Actualizado Domingo, 28-12-08 a las 06:26
Preparados, en sus puestos, ¡a comprar!». Ésta fue una de las iniciativas de un supermercado de Bolonia para llamar la atención de sus clientes: hacer la compra en un minuto. A la señal, todo lo que dé tiempo a meter en el carrito en un minuto, gratis. La imagen de compradores hechos y derechos corriendo a todo correr y echando al carrito los productos más caros pone de relieve cómo la crisis obliga a los empresarios a aguzar el ingenio, especialmente en estas fechas en las que no hay más remedio que vender a lo grande. Los hay de lo más «brutales» en sus estrategias de mercadotecnia. Caminando hace ya días por las calles a rebosar de gente de paseo por Roma —y digo de paseo porque casi todas las tiendas estaban vacías de compradores— me encontré un cartelito muy llamativo: «Estamos jodidos, aprovechaos», decía. ¡A eso le llamo yo ser directos! La verdad es que tenía su efecto, porque el anuncio hacía gracia y no podías por menos que echar un vistazo al escaparate. Más originales fueron los promotores de una tienda de electrodomésticos, que obsequiaban con un bono de 100 euros de descuento a quien acudiera vestido de Papa Noel, con su gorro, barba, tripa, pantalones rojos y botas. En tiempos de crisis, no hay vergüenza que valga. Más clásicas son las estrategias del tres por uno, de regalar alguna cosilla como incentivo, de invitar a un café mientras se hace la compra. O las argucias psicológicas de abrir las puertas de par en par de forma que salga el calorcillo de la tienda invitando así a entrar al viandante muerto de frío.
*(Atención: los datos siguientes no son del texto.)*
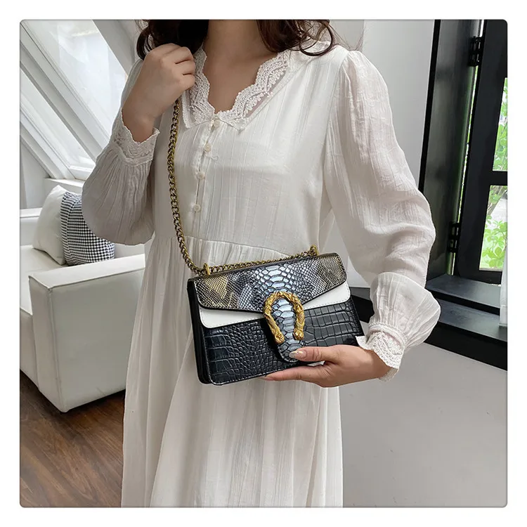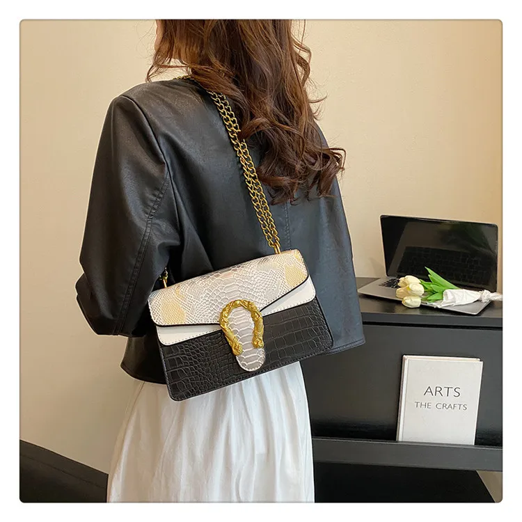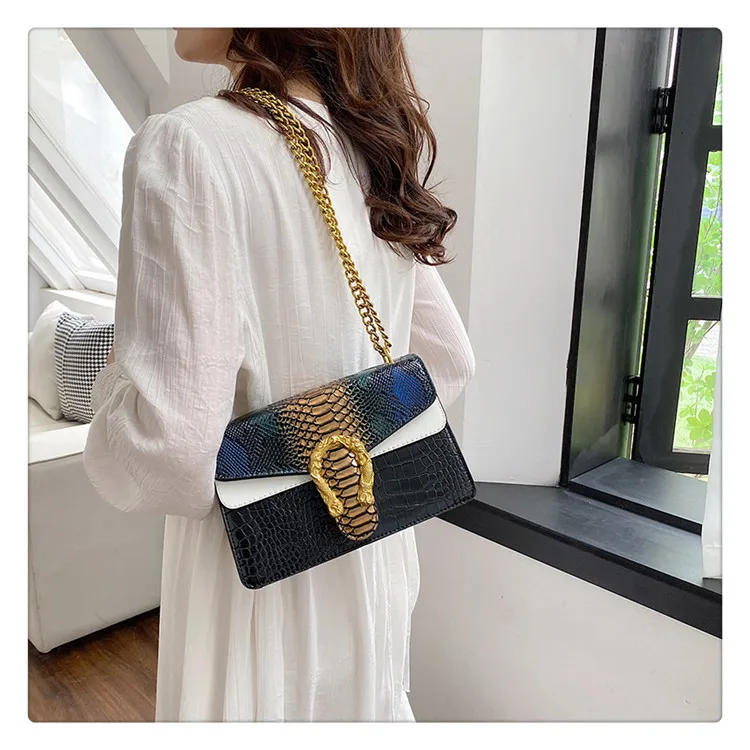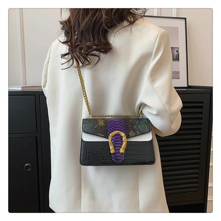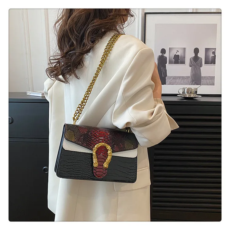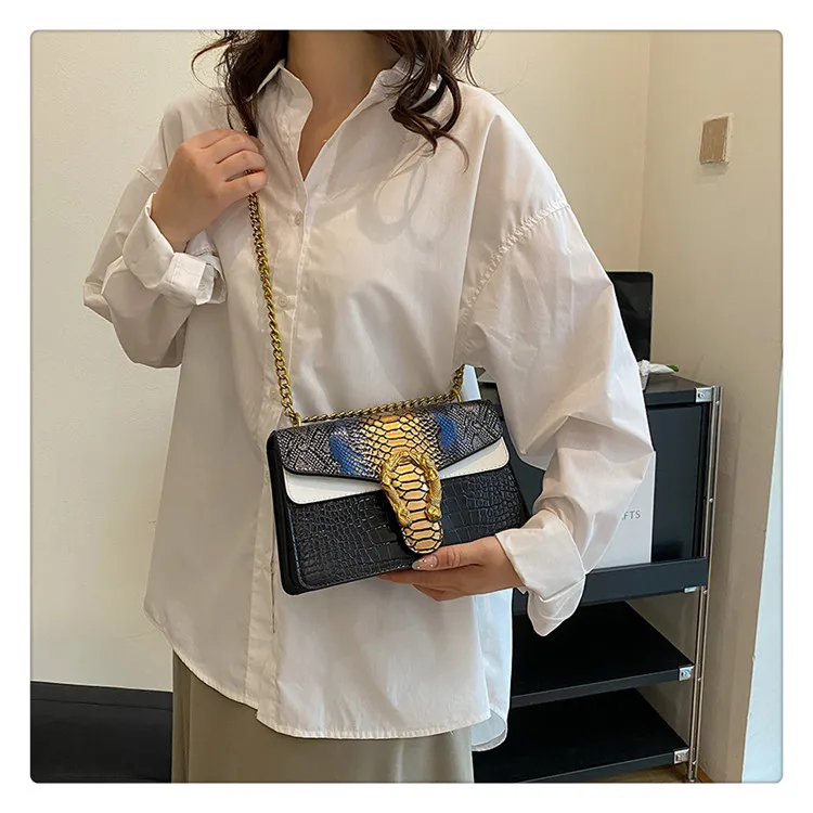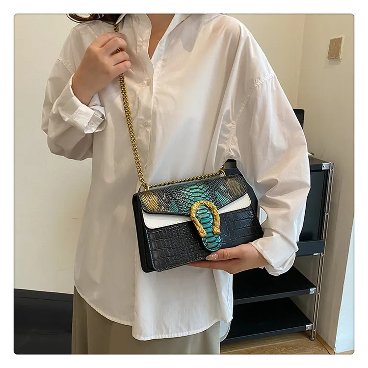 New Colored Shoulder Bag Premium small bag Fashion Versatile Trendy Women's Chain Crossbody Bag Advanced Snake Pattern Handbag

El «todo a cien» hace su agosto. «Hay quien compra 500 miniarbolitos de Navidad para regalar a los clientes, o 200 huchas como presente para los invitados de una boda, o quien prefiere que su belén sea de a un euro», comenta la dependienta de una cadena de tiendas de ocasión que, por cierto, han aumentado un 20 por ciento sus ventas respecto al mismo periodo del año pasado.
<Aunque, sin duda, los que más ahorrarán serán quienes «reciclen» o regalen a otros los regalos que reciben. Este año han reciclado sus regalos un 26% de los italianos, un 5% más que el año anterior. El problema viene cuando, con tanto reciclar, se termina entregando el regalo regalado a quien previamente nos lo había entregado a nosotros. Así que, para curarse en salud, aparece una moda nueva: el presente artesanal fabricado en persona por quien hace el regalo. Una carta, una foto, un cedé con música seleccionada por uno mismo. Una idea más creativa y de menos riesgo que el reciclaje.
Dicen por aquí que hay muchos italianos que se han unido a esta moda. La verdad es que los italianos se unen a todas las modas. Así que este año lo mismo te regalan un cachivache del todo a cien, que un presente «reciclado» o un regalo artesanal de su propia fabricación. O quizás incluso se decanten por el típico regalo italiano: ropa, cualquier prenda de vestir, un presente que siempre está de moda en este país y con el que siempre acertarás: le gustará al chico y a la chica, a los mayores y a los pequeños, a todos, pero eso sí, ropa de marca, no de mercadillo.